TASK INPUTS.
--- START ---

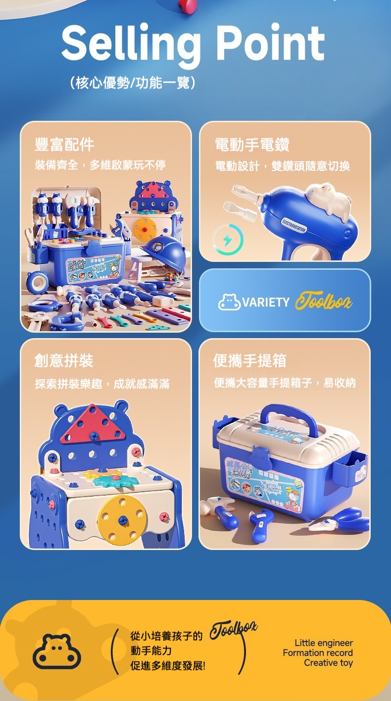 【啟蒙益智】DIY兒童工具箱【小小工程師養成記✅豐富配件✅創意拼裝✅ 培養三維感知,3-8歲寶寶,助力寶寶腦力發育】
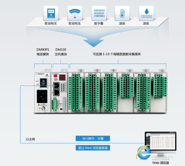 DM100 數據采(cai)集記錄(lù)儀可高(gao)精度采(cǎi)集直流(liú)電壓、直(zhi)流電流(liú)💋、數字量(liàng)、溫度、濕(shī)度等多(duō)種傳感(gan)器信号(hào)數據,李宗瑞 🔞贝贝是谁㊙️實(shí)時🈲顯示(shi)多種測(cè)量結果(guo),并對🛀🏻測(ce)量結果(guo)進行自(zì)定義二(èr)次運算(suàn)🔞、報警輸(shū)出等操(cāo)作。通過(guo)模塊化(hua)🐆的設計(ji)構架,DM100最(zui)多可擴(kuò)展至200個(ge)采😄集通(tōng)道,适合(hé)工業環(huán)境中的(de)多💋通道(dao)數據采(cai)集記錄(lu)。
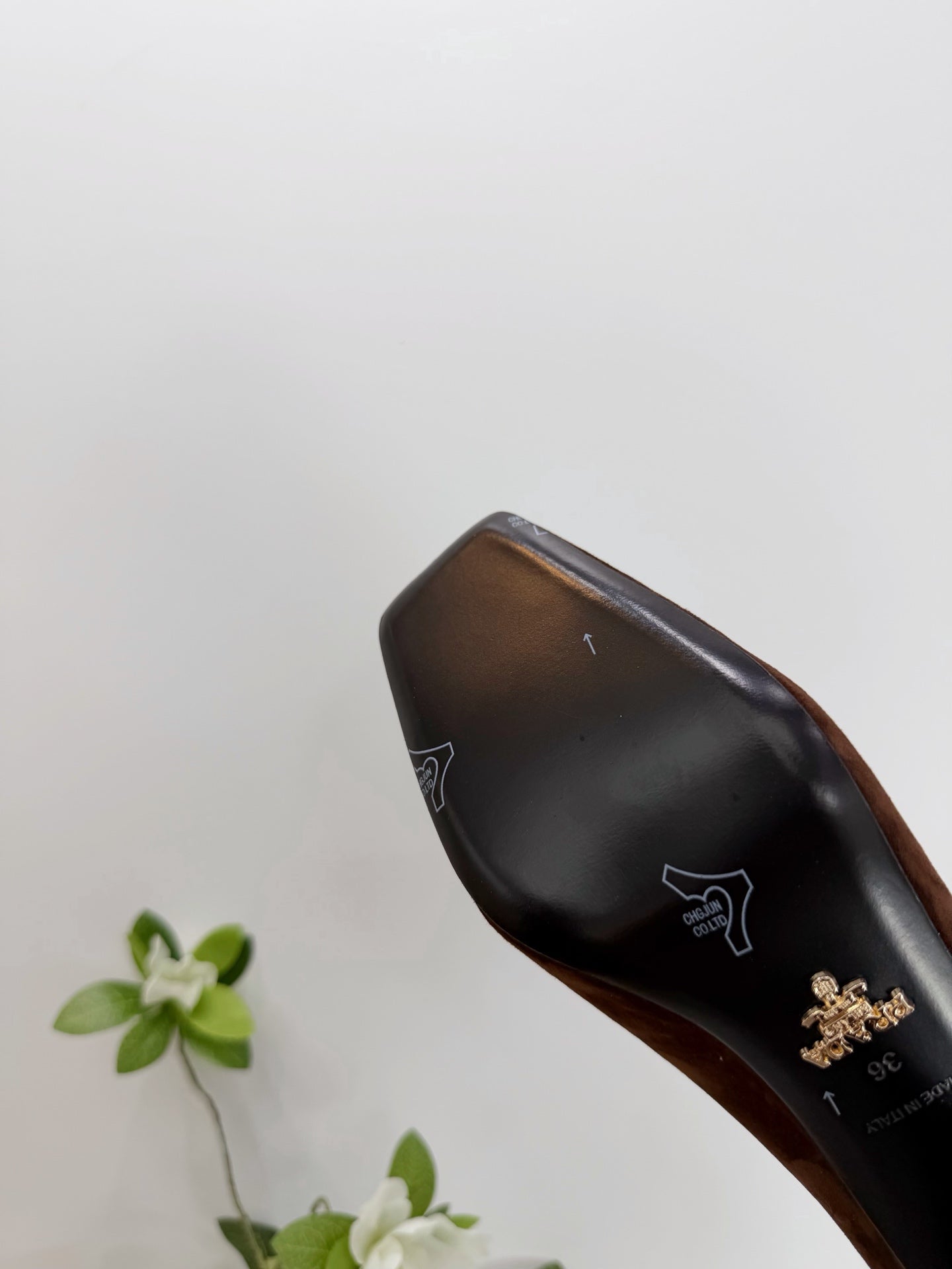 PRA 26SS Square-toe Block Heels 85 Dark Brown Suede 592362
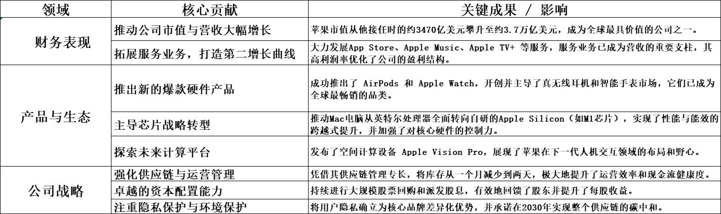 库克的贡献远不止于表格中列出的具体成果,更在于他深远的战略布局:
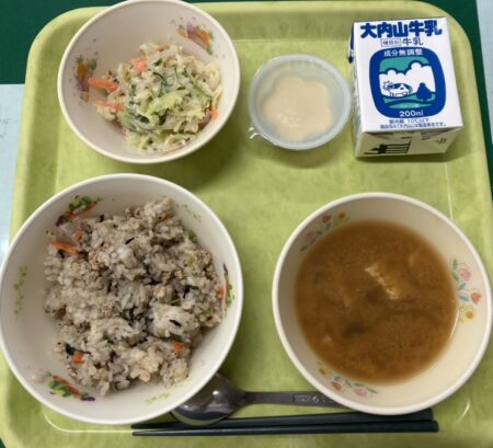 給食の歴史をたどる献立で、この日は大正時代の給食を再現したメニューでした。
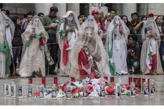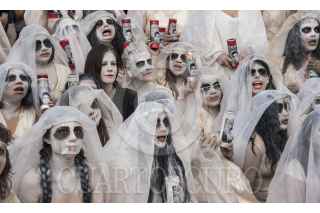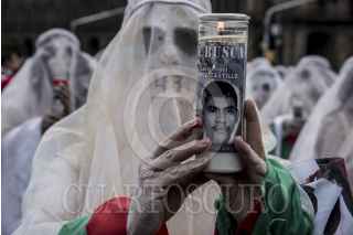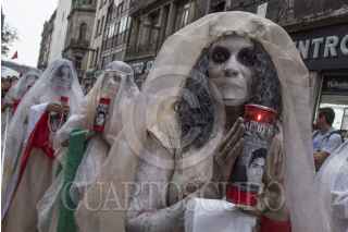 CIUDAD DE MÉXICO, 04MARZO2017.- La artista y activista Jil Love Revolution, organizó un performance que incluyó a 43 "lloronas", mujeres disfrazadas que representaron a cada una de las madres de los normalistas de Ayotzinapa desaparecidos. El acto se desarrolló del Zócalo a la explanada del Palacio de Bellas Artes y contó con la participación de la activista Julia Klug. FOTO: TERCERO DÍAZ /CUARTOSCURO.COM
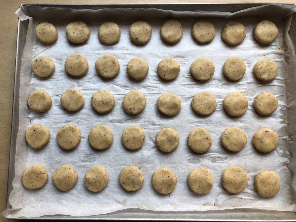 Legen Sie sie nach und nach in ein mit Backpapier ausgelegtes Backblech, wobei Sie einen kleinen Abstand zwischen ihnen lassen. Dann leicht drücken, damit die Basis flach wird.
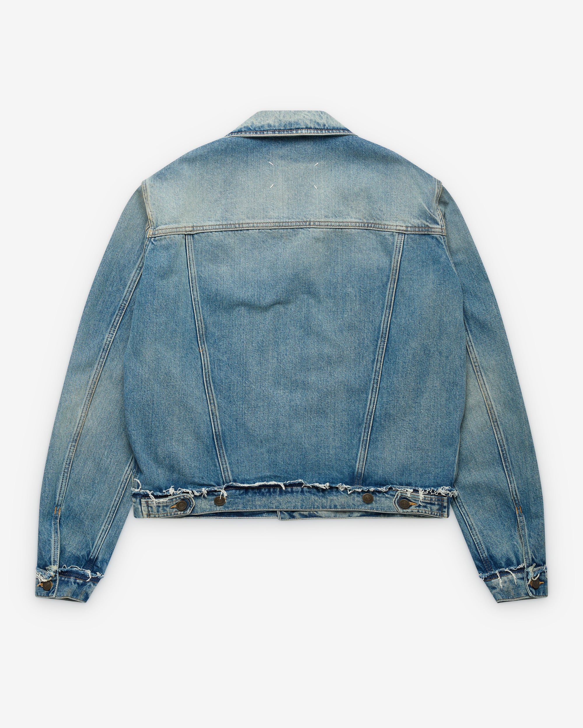 Gauge 14 oz origin denimFrayed hem detailLong sleevesShirt collarFront button closureFour stitches at the back
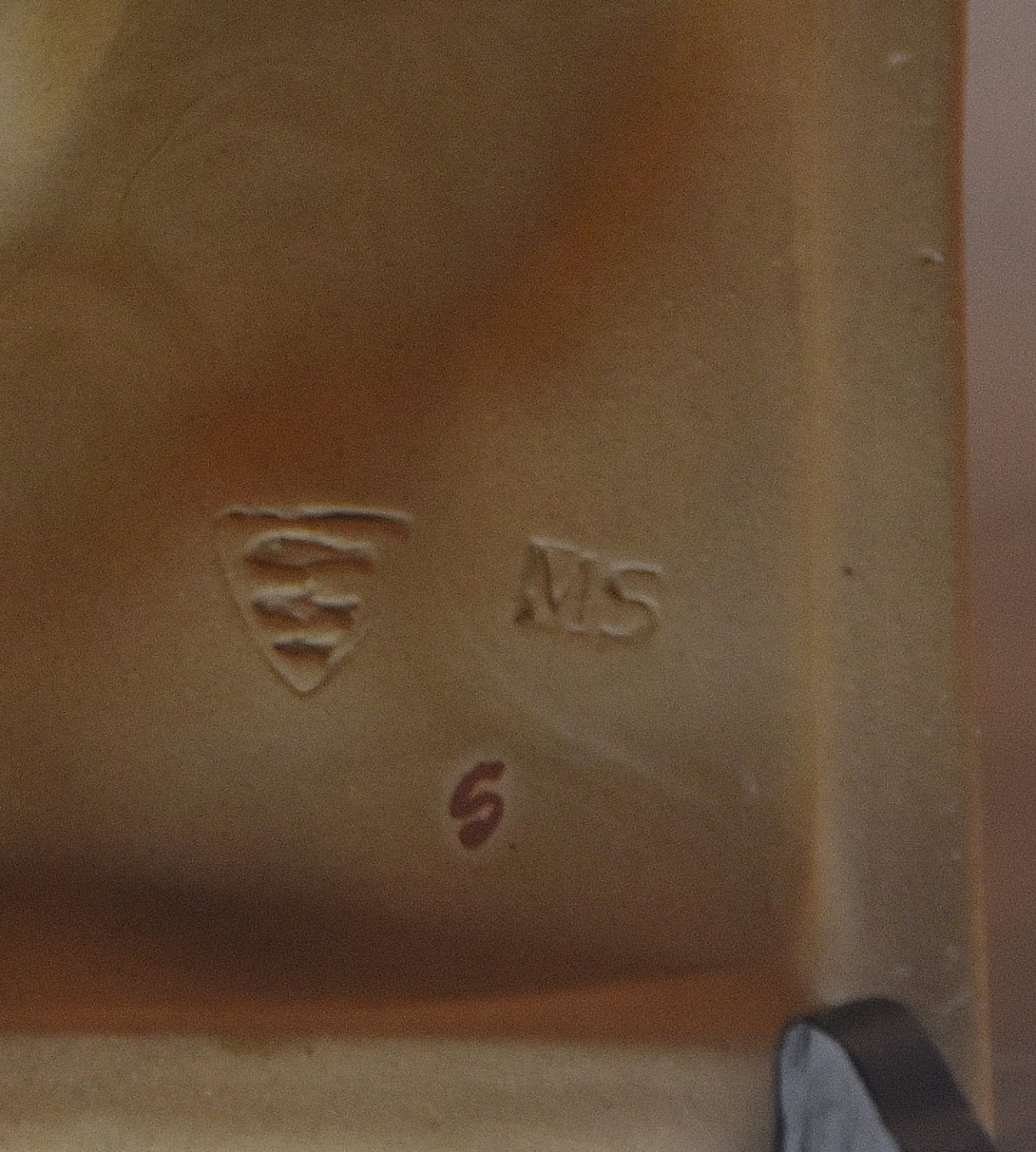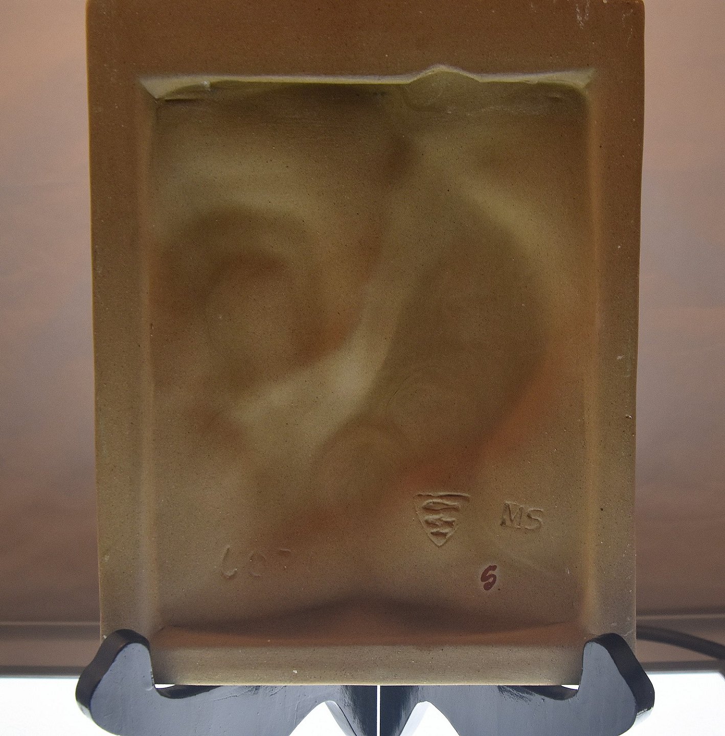 Relieffet har nr.: 6077. Det er signeret MS for Marianne Starck og desuden mærket med våbenskjold med 3 fisk - Rønnes byvåben
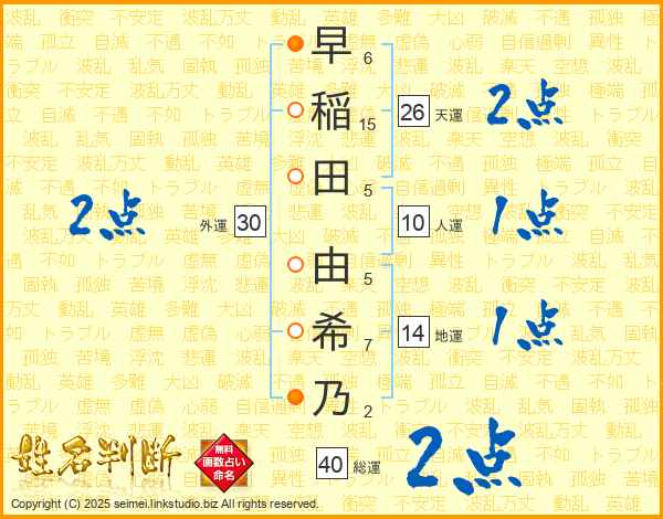 早稲田由希乃さんの総運は40画の2点!
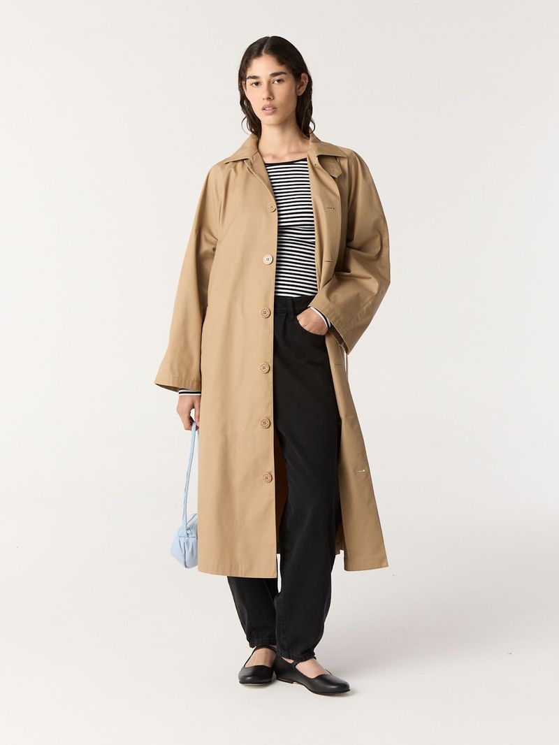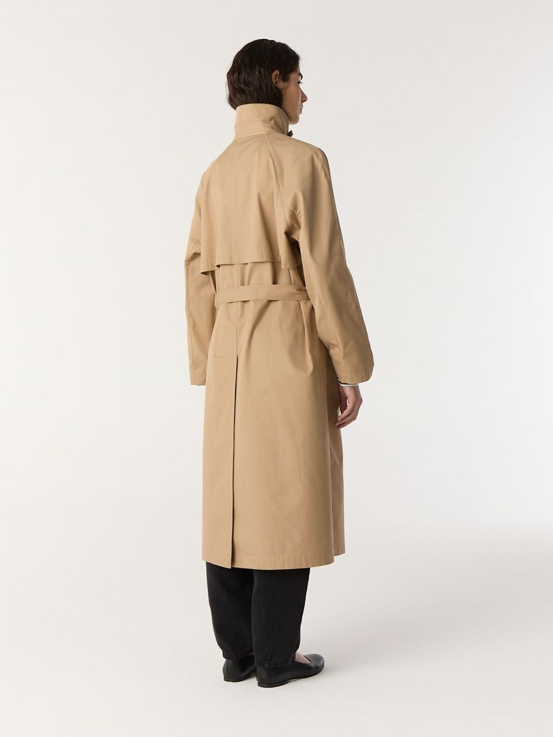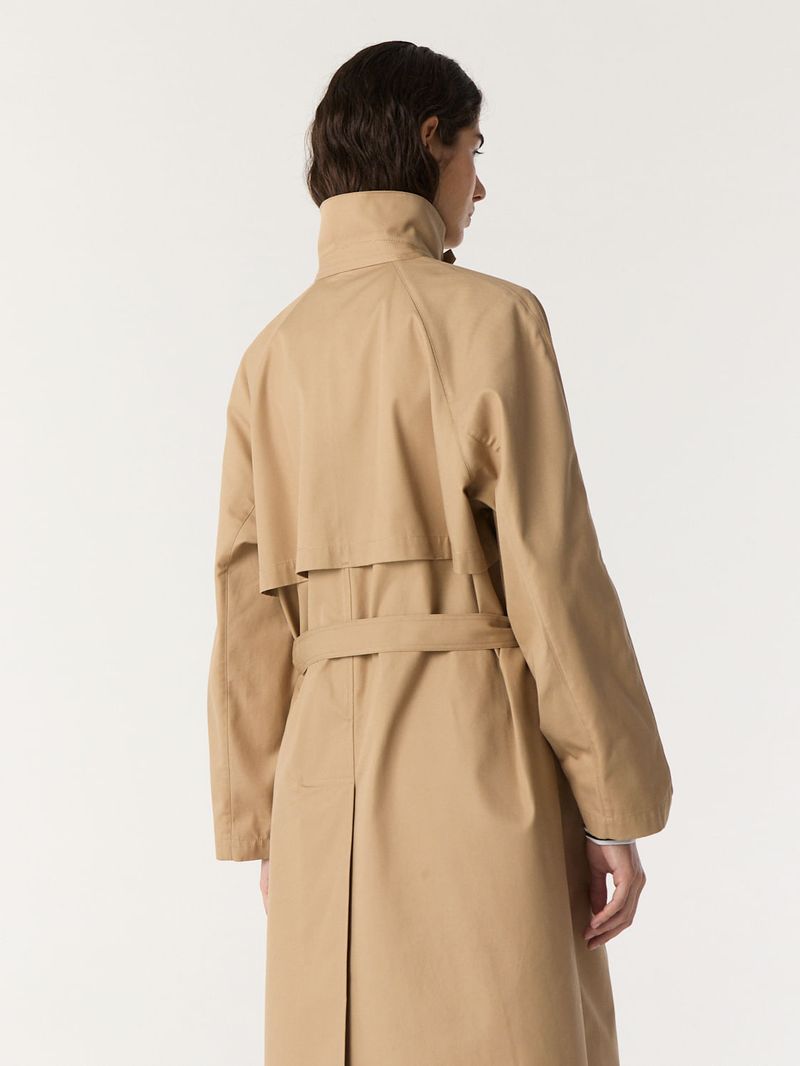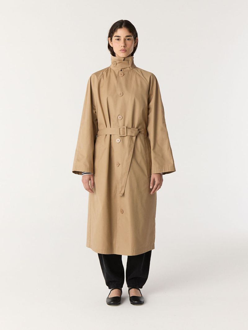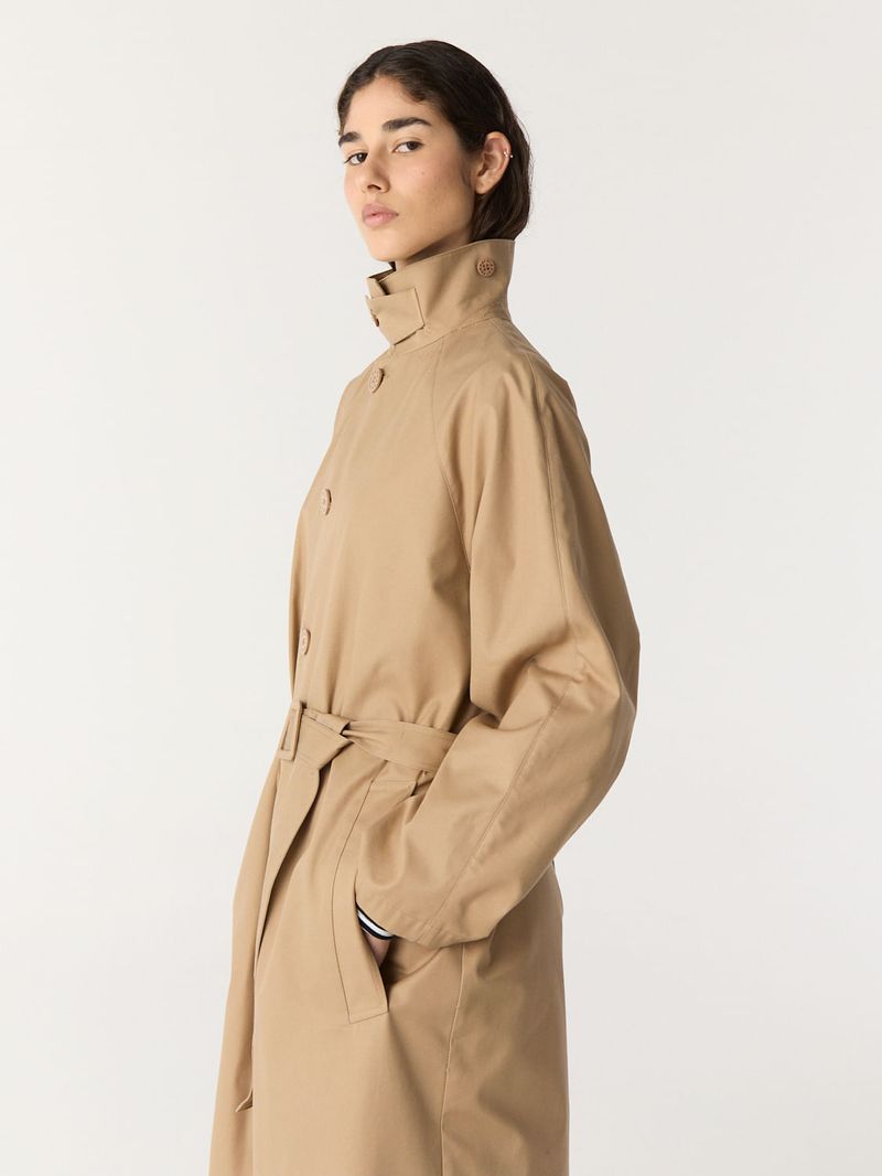 Abrigo tipo trench de gabardina pesada de algodón. Tiene mangas corte ranglan amplias, lazo en cintura y una presilla con botón en el cuello que permite usarlo levantado. Calce recto y largo 7/8. / Altura modelo: 1,76 m / Talle: S/ Composición: 100% Algodón / Origen: Importado

--- END ---

ACTIVITY.
Only the lines from the one with "Relieffet har nr.: 6077." through the final line of the entries above should be transcribed, exactly and without pictures.

TASK OUTPUT.
 Relieffet har nr.: 6077. Det er signeret MS for Marianne Starck og desuden mærket med våbenskjold med 3 fisk - Rønnes byvåben
 早稲田由希乃さんの総運は40画の2点!
 Abrigo tipo trench de gabardina pesada de algodón. Tiene mangas corte ranglan amplias, lazo en cintura y una presilla con botón en el cuello que permite usarlo levantado. Calce recto y largo 7/8. / Altura modelo: 1,76 m / Talle: S/ Composición: 100% Algodón / Origen: Importado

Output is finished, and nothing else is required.